Please write out exactly the lines of the data below from the line holding "use a smile." through the line holding "Légende: Blanchiment de", and leave out the rest.

━━━━━ Data provided ━━━━━

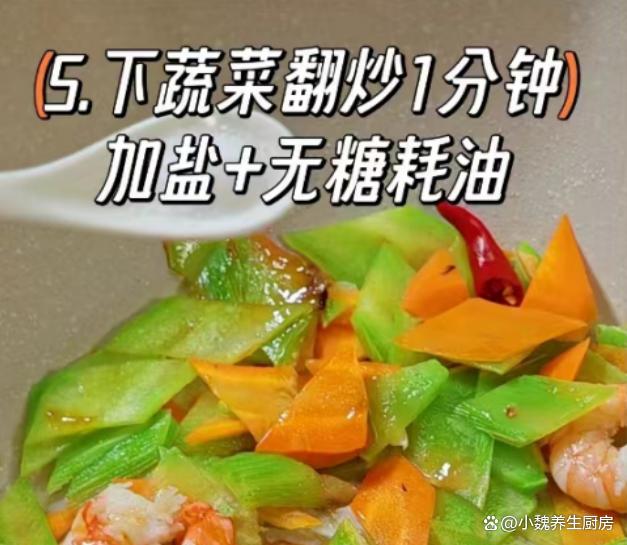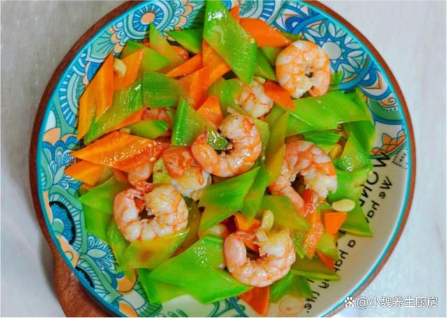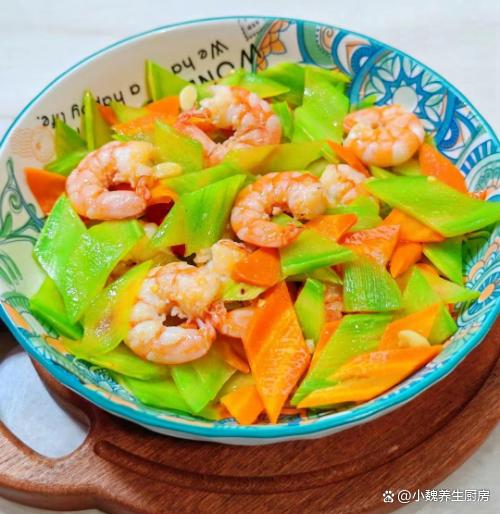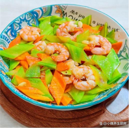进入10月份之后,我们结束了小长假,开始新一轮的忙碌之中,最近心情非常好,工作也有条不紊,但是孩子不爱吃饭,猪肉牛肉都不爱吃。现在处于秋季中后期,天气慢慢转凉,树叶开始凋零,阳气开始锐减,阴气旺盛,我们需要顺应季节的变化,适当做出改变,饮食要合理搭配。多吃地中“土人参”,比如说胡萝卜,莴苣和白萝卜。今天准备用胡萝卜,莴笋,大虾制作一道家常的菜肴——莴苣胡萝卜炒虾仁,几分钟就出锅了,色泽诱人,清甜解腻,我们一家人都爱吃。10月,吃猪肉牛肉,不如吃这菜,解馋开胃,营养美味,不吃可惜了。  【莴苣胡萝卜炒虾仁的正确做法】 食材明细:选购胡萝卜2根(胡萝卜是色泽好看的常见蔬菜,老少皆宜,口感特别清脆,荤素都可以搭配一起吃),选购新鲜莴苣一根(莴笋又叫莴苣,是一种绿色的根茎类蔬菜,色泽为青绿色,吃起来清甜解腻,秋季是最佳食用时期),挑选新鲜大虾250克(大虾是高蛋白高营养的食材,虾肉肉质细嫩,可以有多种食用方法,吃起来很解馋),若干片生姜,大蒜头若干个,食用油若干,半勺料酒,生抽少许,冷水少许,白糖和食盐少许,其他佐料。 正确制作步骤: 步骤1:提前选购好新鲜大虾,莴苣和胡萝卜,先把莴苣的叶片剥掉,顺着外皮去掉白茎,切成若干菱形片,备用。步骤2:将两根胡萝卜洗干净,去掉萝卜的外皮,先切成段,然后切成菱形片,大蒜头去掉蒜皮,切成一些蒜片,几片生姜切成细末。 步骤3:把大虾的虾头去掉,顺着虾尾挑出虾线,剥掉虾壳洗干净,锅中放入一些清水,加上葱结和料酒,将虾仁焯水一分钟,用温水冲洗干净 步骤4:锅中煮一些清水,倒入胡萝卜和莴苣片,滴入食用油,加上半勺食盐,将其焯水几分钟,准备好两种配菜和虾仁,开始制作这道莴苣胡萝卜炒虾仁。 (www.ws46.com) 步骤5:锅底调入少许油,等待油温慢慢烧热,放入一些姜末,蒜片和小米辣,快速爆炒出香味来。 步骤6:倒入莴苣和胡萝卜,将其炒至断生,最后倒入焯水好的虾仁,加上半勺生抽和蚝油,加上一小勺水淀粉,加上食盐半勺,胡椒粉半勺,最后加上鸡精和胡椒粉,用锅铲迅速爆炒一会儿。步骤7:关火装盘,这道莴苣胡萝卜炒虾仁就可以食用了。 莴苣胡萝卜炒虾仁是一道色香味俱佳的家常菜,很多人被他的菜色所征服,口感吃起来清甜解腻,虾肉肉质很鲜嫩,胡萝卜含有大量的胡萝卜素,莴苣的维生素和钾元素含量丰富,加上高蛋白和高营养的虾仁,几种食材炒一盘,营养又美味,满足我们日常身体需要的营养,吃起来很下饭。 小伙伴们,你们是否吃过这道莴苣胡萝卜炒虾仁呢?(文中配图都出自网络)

━━━━━
━━━━━ Data provided ━━━━━

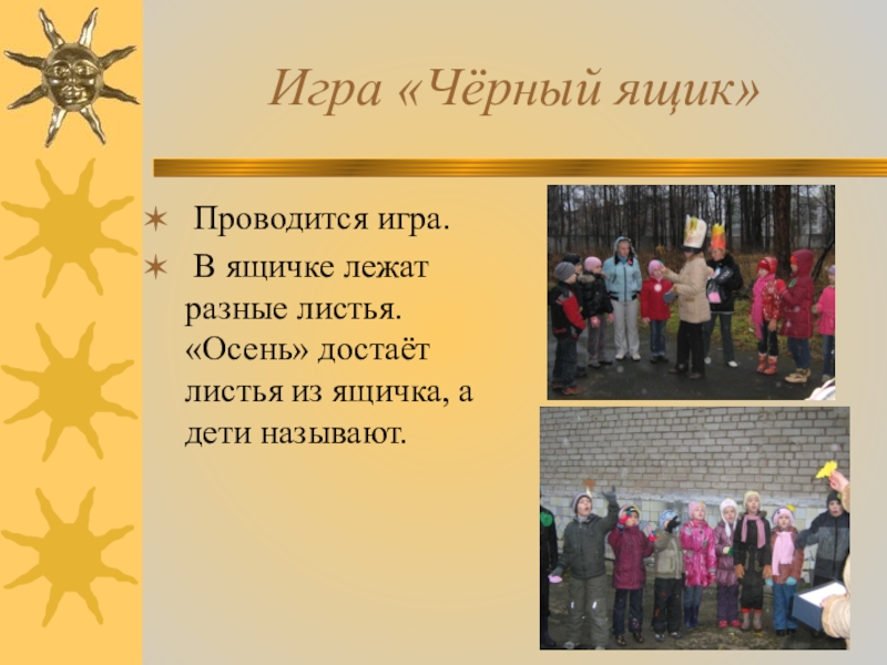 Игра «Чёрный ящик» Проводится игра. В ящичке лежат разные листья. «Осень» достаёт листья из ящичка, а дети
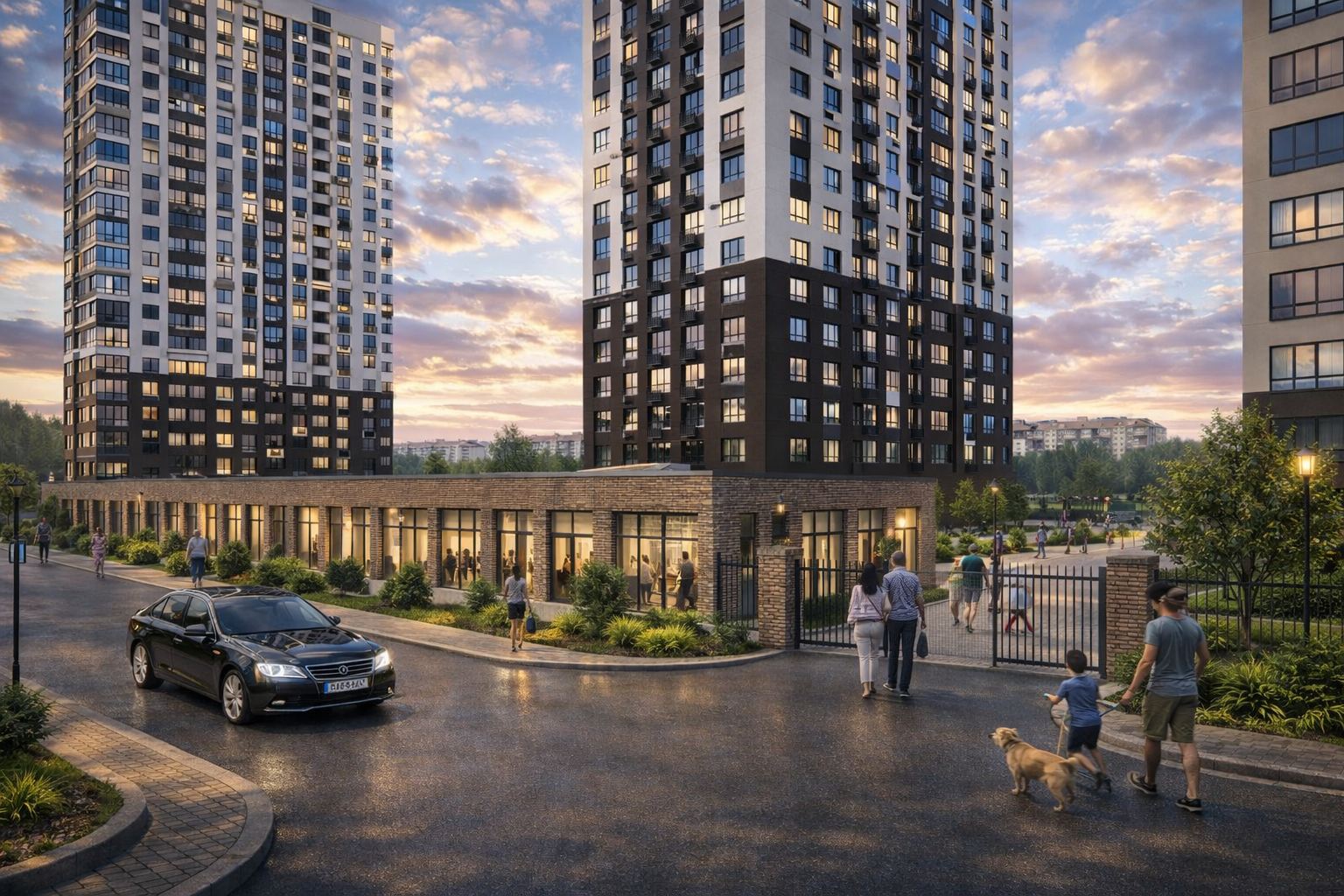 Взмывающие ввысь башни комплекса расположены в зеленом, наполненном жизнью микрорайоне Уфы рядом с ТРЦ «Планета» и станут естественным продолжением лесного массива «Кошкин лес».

━━━━━
━━━━━ Data provided ━━━━━

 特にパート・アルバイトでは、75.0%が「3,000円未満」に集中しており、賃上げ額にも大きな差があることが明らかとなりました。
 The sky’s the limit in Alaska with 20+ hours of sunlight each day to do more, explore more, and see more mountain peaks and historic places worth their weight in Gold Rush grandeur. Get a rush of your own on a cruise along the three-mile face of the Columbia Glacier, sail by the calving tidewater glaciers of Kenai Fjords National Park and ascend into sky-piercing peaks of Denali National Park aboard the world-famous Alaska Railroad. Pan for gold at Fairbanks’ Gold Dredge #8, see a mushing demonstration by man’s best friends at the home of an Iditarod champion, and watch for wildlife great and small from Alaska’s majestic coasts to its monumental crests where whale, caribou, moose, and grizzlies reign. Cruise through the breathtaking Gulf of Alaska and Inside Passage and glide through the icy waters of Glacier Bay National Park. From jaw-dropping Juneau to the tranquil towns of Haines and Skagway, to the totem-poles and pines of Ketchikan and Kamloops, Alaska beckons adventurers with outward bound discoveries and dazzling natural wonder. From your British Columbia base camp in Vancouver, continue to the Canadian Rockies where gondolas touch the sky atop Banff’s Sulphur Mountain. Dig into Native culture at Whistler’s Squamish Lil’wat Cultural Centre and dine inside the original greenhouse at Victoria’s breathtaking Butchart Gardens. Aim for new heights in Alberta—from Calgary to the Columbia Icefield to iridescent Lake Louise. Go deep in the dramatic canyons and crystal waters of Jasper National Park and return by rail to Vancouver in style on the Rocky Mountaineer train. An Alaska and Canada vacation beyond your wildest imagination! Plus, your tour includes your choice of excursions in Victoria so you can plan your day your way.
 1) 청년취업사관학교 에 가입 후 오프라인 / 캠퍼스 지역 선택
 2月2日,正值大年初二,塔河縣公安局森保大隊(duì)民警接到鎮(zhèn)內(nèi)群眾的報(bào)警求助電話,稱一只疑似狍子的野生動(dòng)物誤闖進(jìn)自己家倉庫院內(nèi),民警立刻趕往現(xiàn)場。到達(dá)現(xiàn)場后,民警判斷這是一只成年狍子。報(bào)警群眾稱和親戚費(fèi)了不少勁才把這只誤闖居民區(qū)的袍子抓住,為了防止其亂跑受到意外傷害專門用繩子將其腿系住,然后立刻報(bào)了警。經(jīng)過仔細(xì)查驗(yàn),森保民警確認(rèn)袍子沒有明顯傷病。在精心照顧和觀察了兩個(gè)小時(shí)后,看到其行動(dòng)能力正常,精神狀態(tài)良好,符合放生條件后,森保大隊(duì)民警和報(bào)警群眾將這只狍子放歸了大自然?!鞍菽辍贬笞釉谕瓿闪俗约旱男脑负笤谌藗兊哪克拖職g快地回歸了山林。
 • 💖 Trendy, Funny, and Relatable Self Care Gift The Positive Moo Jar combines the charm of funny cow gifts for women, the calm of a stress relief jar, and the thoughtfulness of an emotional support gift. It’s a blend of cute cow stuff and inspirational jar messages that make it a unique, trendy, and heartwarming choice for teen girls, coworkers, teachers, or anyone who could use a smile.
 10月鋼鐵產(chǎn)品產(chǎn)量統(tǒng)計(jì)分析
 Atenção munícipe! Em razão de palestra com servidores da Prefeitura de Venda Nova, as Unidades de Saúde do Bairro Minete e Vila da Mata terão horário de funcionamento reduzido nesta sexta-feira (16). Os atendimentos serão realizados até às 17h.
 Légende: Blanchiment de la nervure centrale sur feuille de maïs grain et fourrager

━━━━━

(Task result)
 • 💖 Trendy, Funny, and Relatable Self Care Gift The Positive Moo Jar combines the charm of funny cow gifts for women, the calm of a stress relief jar, and the thoughtfulness of an emotional support gift. It’s a blend of cute cow stuff and inspirational jar messages that make it a unique, trendy, and heartwarming choice for teen girls, coworkers, teachers, or anyone who could use a smile.
 10月鋼鐵產(chǎn)品產(chǎn)量統(tǒng)計(jì)分析
 Atenção munícipe! Em razão de palestra com servidores da Prefeitura de Venda Nova, as Unidades de Saúde do Bairro Minete e Vila da Mata terão horário de funcionamento reduzido nesta sexta-feira (16). Os atendimentos serão realizados até às 17h.
 Légende: Blanchiment de la nervure centrale sur feuille de maïs grain et fourrager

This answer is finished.